Records shown Start Marker

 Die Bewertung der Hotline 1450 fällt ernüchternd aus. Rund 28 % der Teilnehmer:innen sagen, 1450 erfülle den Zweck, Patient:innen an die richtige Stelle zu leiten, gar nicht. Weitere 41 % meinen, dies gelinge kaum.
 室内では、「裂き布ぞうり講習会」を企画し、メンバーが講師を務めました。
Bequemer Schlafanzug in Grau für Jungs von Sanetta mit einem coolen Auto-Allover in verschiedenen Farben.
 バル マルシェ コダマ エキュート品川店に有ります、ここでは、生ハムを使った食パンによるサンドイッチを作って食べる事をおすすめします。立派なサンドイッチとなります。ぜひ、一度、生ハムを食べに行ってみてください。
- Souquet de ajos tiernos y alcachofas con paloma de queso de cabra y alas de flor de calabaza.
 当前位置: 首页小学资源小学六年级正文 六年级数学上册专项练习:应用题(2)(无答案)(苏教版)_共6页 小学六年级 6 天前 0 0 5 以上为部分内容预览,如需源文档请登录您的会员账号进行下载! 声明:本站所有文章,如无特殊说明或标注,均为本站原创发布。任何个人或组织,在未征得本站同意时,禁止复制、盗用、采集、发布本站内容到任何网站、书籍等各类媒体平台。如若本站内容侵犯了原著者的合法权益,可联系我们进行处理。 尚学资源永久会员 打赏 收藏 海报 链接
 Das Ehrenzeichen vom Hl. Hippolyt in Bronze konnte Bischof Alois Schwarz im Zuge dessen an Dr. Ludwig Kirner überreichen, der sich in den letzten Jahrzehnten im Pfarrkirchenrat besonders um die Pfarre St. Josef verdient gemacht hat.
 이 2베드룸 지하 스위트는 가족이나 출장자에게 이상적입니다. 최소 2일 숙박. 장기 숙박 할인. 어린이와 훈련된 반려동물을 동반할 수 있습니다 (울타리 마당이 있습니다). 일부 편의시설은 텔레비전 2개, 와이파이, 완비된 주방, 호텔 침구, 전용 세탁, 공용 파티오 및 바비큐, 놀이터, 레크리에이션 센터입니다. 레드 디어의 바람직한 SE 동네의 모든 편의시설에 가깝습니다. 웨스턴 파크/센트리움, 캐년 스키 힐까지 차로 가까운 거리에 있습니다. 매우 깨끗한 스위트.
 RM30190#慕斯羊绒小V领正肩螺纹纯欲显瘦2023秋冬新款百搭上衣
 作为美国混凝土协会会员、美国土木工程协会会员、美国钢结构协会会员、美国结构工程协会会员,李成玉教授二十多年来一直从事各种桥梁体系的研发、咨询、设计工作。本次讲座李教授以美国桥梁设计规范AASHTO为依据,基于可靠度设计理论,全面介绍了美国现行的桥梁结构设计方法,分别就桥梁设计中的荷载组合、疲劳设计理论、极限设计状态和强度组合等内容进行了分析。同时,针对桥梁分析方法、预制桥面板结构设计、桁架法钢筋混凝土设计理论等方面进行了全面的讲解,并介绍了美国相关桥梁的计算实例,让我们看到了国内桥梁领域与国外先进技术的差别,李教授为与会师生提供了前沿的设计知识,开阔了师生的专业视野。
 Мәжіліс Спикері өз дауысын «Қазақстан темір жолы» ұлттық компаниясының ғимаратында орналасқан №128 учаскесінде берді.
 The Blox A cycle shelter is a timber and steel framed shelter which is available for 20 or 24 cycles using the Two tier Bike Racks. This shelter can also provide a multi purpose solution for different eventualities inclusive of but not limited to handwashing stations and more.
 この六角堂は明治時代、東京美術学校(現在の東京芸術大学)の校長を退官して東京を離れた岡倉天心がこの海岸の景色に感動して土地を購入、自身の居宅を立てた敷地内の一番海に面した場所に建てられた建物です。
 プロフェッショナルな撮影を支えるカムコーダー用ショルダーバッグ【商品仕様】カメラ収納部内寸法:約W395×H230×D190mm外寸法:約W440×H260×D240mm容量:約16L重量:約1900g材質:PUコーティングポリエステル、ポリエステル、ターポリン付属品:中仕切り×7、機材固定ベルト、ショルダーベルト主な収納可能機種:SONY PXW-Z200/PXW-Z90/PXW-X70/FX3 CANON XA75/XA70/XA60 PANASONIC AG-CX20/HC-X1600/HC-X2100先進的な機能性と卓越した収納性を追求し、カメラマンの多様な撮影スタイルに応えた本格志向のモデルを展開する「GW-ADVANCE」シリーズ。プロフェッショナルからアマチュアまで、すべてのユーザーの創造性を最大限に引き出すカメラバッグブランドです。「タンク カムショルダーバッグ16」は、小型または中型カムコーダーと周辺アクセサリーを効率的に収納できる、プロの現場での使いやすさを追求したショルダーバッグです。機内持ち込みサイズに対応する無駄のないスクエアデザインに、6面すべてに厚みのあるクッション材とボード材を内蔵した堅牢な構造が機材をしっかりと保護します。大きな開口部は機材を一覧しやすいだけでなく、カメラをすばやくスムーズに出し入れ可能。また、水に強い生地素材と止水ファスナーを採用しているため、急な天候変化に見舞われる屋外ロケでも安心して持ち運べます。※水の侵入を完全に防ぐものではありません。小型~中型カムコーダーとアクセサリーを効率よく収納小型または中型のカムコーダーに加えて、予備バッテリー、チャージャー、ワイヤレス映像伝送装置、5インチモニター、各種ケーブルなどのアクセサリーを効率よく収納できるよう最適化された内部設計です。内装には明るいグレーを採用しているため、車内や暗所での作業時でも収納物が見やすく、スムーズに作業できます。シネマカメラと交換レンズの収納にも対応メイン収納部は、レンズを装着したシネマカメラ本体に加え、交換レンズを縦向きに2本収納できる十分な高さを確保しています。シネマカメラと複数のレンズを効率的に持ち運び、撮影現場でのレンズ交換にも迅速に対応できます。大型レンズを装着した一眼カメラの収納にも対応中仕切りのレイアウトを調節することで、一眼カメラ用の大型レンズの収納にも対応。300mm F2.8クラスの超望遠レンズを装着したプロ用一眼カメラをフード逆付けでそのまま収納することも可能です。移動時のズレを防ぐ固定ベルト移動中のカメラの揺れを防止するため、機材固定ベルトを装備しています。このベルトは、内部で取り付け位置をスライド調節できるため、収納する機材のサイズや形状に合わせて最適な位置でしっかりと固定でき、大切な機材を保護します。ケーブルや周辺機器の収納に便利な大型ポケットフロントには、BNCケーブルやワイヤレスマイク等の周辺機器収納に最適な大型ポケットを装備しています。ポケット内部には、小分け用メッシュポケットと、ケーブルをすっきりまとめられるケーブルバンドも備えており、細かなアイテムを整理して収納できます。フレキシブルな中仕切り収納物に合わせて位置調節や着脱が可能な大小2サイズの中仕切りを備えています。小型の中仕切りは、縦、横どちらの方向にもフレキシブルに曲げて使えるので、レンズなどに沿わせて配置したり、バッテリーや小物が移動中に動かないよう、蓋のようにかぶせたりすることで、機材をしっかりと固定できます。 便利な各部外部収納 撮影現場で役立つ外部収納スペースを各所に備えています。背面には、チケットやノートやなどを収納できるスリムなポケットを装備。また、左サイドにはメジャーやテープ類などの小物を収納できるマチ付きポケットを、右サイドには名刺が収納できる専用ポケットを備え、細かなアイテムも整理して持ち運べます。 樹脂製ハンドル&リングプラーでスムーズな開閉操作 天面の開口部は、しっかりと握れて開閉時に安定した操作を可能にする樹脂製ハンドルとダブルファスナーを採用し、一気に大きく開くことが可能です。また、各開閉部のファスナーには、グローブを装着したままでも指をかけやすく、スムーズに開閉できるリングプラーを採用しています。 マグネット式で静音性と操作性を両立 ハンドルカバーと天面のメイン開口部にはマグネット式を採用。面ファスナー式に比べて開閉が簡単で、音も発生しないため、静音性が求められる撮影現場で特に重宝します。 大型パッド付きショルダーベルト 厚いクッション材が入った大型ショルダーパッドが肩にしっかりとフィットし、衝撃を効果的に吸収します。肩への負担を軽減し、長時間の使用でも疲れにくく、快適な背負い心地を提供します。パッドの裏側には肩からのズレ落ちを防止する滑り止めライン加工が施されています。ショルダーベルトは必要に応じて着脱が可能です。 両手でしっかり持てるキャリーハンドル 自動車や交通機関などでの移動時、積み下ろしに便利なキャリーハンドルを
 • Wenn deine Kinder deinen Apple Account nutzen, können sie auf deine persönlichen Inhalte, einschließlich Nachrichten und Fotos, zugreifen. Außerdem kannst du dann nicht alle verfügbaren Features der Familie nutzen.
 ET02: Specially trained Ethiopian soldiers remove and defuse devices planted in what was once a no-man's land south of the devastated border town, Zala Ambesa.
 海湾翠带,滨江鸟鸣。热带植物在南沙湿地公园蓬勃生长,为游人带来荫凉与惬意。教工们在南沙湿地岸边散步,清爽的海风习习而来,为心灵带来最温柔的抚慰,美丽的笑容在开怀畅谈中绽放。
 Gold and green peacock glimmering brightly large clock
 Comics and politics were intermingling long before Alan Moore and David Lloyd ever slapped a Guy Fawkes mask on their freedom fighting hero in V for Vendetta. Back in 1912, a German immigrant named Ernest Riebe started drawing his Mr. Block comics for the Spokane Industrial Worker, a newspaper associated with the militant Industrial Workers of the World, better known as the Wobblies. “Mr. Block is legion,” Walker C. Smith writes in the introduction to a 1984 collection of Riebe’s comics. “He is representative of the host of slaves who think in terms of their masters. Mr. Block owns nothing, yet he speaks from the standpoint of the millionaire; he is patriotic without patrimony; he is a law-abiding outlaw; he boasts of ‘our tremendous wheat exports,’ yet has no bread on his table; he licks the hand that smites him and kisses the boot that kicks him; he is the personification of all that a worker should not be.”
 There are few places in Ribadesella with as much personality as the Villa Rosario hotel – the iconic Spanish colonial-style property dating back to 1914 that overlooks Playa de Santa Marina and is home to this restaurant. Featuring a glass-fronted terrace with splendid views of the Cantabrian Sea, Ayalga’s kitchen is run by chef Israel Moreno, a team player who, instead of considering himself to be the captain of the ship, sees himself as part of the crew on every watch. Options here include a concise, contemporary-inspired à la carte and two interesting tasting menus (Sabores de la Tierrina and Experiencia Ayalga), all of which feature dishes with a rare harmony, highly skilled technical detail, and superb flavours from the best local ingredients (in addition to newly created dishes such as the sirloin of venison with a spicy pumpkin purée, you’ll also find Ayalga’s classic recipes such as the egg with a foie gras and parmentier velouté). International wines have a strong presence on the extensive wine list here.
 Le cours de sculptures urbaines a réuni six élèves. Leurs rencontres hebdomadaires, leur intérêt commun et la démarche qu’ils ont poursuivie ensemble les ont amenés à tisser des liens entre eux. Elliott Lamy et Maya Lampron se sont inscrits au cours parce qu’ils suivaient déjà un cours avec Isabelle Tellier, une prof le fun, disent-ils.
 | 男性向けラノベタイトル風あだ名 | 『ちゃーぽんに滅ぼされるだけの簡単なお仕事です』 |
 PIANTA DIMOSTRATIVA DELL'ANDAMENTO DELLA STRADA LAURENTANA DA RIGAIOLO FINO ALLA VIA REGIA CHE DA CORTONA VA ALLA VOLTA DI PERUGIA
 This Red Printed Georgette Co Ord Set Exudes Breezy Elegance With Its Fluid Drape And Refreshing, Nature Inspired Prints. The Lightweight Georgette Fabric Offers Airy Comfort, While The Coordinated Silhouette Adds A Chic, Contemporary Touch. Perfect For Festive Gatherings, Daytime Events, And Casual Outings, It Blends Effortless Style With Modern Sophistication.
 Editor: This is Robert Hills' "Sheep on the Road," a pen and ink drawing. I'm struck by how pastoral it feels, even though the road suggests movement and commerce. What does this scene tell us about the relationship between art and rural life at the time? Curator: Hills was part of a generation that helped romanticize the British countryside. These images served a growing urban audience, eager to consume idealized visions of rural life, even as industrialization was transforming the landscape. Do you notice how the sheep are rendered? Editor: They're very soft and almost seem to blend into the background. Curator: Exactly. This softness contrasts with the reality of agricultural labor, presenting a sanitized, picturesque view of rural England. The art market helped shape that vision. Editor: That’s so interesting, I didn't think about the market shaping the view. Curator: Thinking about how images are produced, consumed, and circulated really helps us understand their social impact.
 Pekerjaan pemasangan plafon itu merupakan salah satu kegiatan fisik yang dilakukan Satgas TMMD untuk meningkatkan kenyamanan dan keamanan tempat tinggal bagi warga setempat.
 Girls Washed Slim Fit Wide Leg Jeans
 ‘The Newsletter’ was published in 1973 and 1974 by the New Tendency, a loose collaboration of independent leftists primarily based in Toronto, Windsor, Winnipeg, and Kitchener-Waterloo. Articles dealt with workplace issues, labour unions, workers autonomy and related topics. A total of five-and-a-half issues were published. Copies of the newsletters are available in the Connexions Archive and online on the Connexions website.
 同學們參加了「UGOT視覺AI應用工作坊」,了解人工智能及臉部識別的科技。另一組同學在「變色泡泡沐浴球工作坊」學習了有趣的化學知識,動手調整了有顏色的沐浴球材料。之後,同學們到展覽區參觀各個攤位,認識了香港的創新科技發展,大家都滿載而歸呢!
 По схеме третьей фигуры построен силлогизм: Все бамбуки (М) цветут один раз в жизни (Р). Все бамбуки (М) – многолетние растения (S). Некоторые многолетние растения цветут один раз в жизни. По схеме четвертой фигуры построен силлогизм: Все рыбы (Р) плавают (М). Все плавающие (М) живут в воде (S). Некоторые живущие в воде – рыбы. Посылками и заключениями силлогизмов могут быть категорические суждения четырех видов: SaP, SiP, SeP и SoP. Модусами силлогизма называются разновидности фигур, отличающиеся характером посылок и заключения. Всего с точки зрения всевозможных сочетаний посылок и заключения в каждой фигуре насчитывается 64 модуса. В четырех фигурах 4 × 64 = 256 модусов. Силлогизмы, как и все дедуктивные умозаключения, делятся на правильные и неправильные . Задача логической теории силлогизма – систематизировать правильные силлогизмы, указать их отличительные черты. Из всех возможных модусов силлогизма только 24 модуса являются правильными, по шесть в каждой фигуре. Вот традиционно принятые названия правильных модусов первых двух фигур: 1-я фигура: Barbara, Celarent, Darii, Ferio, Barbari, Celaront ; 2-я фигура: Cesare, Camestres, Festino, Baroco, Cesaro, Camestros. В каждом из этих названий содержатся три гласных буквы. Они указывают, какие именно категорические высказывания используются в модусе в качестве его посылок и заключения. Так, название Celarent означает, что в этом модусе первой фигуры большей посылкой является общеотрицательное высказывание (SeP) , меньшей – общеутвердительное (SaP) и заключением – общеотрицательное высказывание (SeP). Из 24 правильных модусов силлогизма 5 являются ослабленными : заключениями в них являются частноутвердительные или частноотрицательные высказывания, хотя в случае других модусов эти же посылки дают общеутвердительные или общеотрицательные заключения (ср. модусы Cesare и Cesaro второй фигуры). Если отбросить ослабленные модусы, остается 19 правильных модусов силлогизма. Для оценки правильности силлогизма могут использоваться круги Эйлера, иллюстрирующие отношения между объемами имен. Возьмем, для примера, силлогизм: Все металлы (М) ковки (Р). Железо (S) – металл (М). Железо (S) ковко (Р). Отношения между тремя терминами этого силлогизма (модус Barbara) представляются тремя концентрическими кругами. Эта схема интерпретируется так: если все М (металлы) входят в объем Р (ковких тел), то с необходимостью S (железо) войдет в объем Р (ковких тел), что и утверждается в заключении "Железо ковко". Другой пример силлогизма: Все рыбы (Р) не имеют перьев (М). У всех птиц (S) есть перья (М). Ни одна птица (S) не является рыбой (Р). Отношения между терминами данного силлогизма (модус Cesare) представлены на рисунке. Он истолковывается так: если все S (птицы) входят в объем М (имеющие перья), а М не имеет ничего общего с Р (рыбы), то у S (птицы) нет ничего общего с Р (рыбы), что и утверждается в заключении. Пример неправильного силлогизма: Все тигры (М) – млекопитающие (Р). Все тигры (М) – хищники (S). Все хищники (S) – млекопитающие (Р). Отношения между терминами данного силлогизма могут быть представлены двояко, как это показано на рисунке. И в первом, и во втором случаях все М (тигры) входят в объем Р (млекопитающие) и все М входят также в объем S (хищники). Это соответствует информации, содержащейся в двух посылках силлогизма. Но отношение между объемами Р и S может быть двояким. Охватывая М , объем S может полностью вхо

Records shown End Marker

Problem requirements
Copy out only the lines of the records above from the one with "Le cours de" through the one with "This Red Printed", exactly as they stand, both included.

Output for this exercise
 Le cours de sculptures urbaines a réuni six élèves. Leurs rencontres hebdomadaires, leur intérêt commun et la démarche qu’ils ont poursuivie ensemble les ont amenés à tisser des liens entre eux. Elliott Lamy et Maya Lampron se sont inscrits au cours parce qu’ils suivaient déjà un cours avec Isabelle Tellier, une prof le fun, disent-ils.
 | 男性向けラノベタイトル風あだ名 | 『ちゃーぽんに滅ぼされるだけの簡単なお仕事です』 |
 PIANTA DIMOSTRATIVA DELL'ANDAMENTO DELLA STRADA LAURENTANA DA RIGAIOLO FINO ALLA VIA REGIA CHE DA CORTONA VA ALLA VOLTA DI PERUGIA
 This Red Printed Georgette Co Ord Set Exudes Breezy Elegance With Its Fluid Drape And Refreshing, Nature Inspired Prints. The Lightweight Georgette Fabric Offers Airy Comfort, While The Coordinated Silhouette Adds A Chic, Contemporary Touch. Perfect For Festive Gatherings, Daytime Events, And Casual Outings, It Blends Effortless Style With Modern Sophistication.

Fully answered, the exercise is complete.